# Text generator based on RNN

## Brief
Generate fake abstract with RNN model under tensorflow r1.3.

### Import libraries

In [1]:
import tensorflow as tf
import numpy as np
import random
import os

### Configurations 

In [2]:
vocab = (" $%'()+,-./0123456789:;=?ABCDEFGHIJKLMNOPQRSTUVWXYZ"
            "\\^_abcdefghijklmnopqrstuvwxyz{|}\n")
graph_path = r"./graphs"
test_text_path = os.path.normpath(r"../Dataset/arvix_abstracts.txt")
batch_size=50
model_param_path=os.path.normpath(r"./model_checkpoints")

### Data encoding
#### Basic Assumption

* A full string sequence consists $START$ & $STOP$ signal with characters in the middle. 

#### Encoding policy
* A set $\mathcal{S}$ that consists of many characters is utilized to encode the characters.
* The $1^{st}$ entry of the vector corresponds to $UNKNOWN$ characters(l.e. characters that are beyond $\mathcal{S}$). 
* The last entry of the vector corresponds to $STOP$ signal of the sequence. 
* The entries in the middle corresponds to the indices of the characters within $\mathcal{S}$. 
* The $START$ signal is represented as a zero vector. 
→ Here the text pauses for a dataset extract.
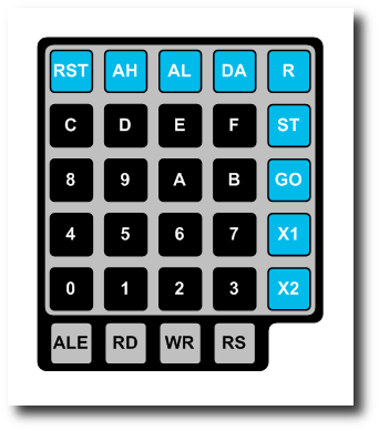 モニタープログラムは,表1に示すパラメーターで制御可能です.その実行には,「Data(DA)」と「Address Low(AL)」,「Address High(AH)」という3つのモードがあります.モニタープログラム実行中に,MM-8000のキーボード(右図)でDAを押すと,80FA番地の値がFCに,80FB番地の値が80になります.その後,キーボードで16進数の二桁の値(1バイト)を入力すると,Display Data(DDA)である80FC番地にその二桁の16進数の値が格納されます.同じように,キーボードのALを押すと,80FA番地と80FB番地,80FD番地の値を書き換えることができます.AHボタンでも同じようなことができます.したがって,モニタープログラムの実行モードはMode Lのバイトを見ることで分かります.それが,FCならばDDA,FDならばDAL,FEならばDAHとなります.Mode Hのバイトは常に80です.Mode LとMode Hの二つのバイトで,DDAとDAL,DAHのアドレスを示します.おのおののモードの動作は,以下の通りです. [注意] 直訳するとこのようになりますが,やっていることは単純です.MM-8000のキーボードのボタン[DA]を押すと Mode L(80FAH番地)が 80Hに, Mode H(80FBH番地)が FCHにになります.Mode L と Mode H に格納されている番地がデータの操作対象の RAM の番地です.次にキーボードから16進数を入力すると,この 80FCH 番地にデータが格納されます.ボタン[AL]と[AH]も同じように,動作します.
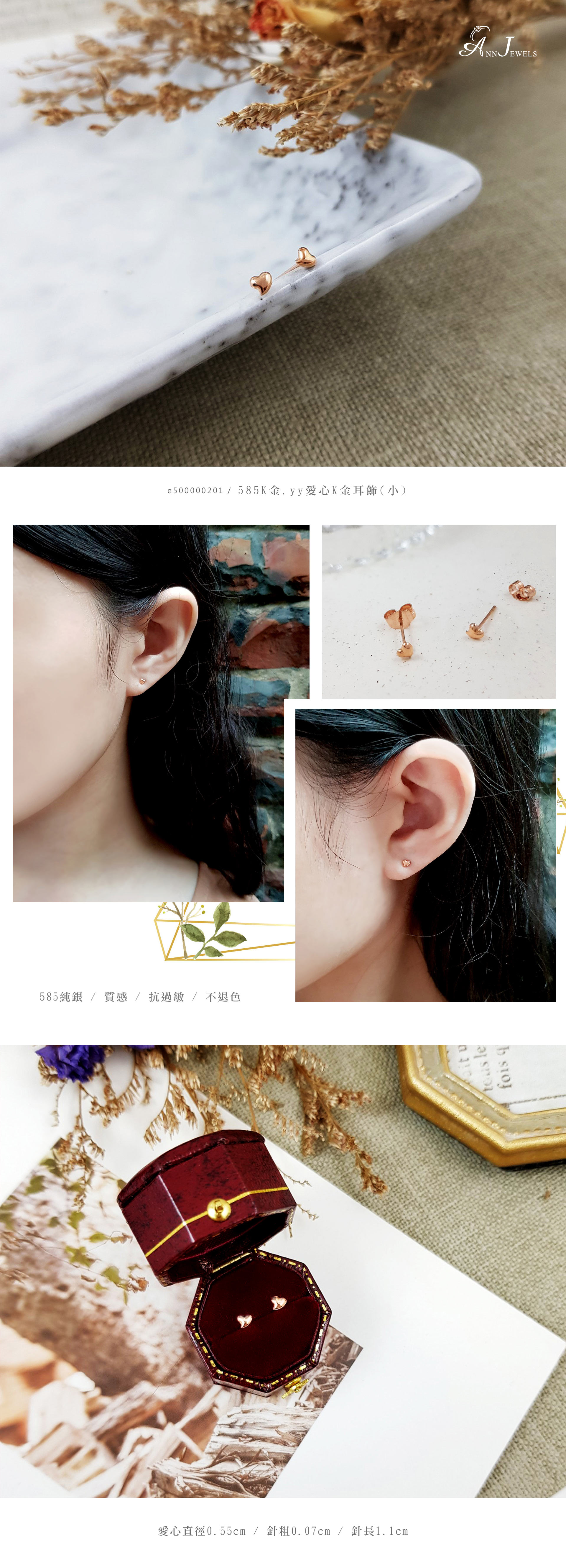 | 585K金 | 愛心直徑0.55cm 針粗0.07cm 針長1.1cm | 耳環一對 |

#### Implementation & Test
##### Declaration

In [3]:
class TextCodec:
    def __init__(self, vocab):
        self._vocab = vocab
        self._dim = len(vocab) + 2

    def encode(self, string, sess = None, start=True, stop=True):
        """
        Encode string.
        Each character is represented as a N-dimension one hot vector. 
        N = len(self._vocab)+ 2
        
        Note:
        The first entry of the vector corresponds to unknown character. 
        The last entry of the vector corresponds to STOP signal of the sequence. 
        The entries in the middle corresponds to the index of the character. 
        The START signal is represented as a zero vector. 
        """
        tensor = [vocab.find(ch)+1 for ch in string]
        if stop:
             tensor.append(len(vocab)+1)  # String + STOP
        tensor = tf.one_hot(tensor,depth=len(vocab)+2,on_value=1.0,off_value=0.0,axis=-1, dtype=tf.float32)
        if start:
            tensor=tf.concat([tf.zeros([1, len(vocab)+2],dtype=tf.float32),tensor],axis=0)  # String + START
        if sess is None:
            with tf.Session() as sess:
                nparray=tensor.eval()
        elif type(sess) == tf.Session:
            nparray = tensor.eval(session=sess)
        else:
            raise TypeError('"sess" must be {}, got {}'.format(tf.Session, type(sess)))    
        return nparray

    def decode(self, nparray, default="[UNKNOWN]",start="[START]",stop="[STOP]",strip=False):
        text_list = []
        indices=np.argmax(nparray,axis=1)
        for v, ch_i in zip(nparray,indices):
            if np.all(v==0):
                text_list.append(start if not strip else "")
            elif ch_i==0:
                text_list.append(default)
            elif ch_i==len(self._vocab)+1:
                text_list.append(stop if not strip else "")
            else:
                text_list.append(vocab[ch_i-1])
        return "".join(text_list)
    
    @property
    def dim(self):
        return self._dim

##### Test
See how encoding and decoding work. 

In [4]:
test_codec=TextCodec(vocab)
test_text_encoded=test_codec.encode("Hello world!")
print("Encoded text looks like:\n{}".format(test_text_encoded))
test_text_decoded=test_codec.decode(nparray=test_text_encoded,strip=False)
print("Decoded text looks like:\n{}".format(test_text_decoded))

Encoded text looks like:
[[ 0.  0.  0. ...,  0.  0.  0.]
 [ 0.  0.  0. ...,  0.  0.  0.]
 [ 0.  0.  0. ...,  0.  0.  0.]
 ..., 
 [ 0.  0.  0. ...,  0.  0.  0.]
 [ 1.  0.  0. ...,  0.  0.  0.]
 [ 0.  0.  0. ...,  0.  0.  1.]]
Decoded text looks like:
[START]Hello world[UNKNOWN][STOP]


## Load data set

In [5]:
with open(test_text_path, "r") as f:
    raw_text_list = "".join(f.readlines()).split("\n")
print("Loaded abstract from a total of {} theses.".format(len(raw_text_list)))
# See what we have loaded
sample_text_no = random.randint(0, len(raw_text_list)-1)
sample_text_raw = raw_text_list[sample_text_no]
print("A sample text in the data set:\n{}".format(sample_text_raw))
sample_text_encoded=test_codec.encode(sample_text_raw)
print("Encoded text:\n{}".format(sample_text_encoded))
print("Decoded text:\n{}".format(test_codec.decode(sample_text_encoded)))
encoded_data = test_codec.encode("\n".join(raw_text_list), start=False, stop=False)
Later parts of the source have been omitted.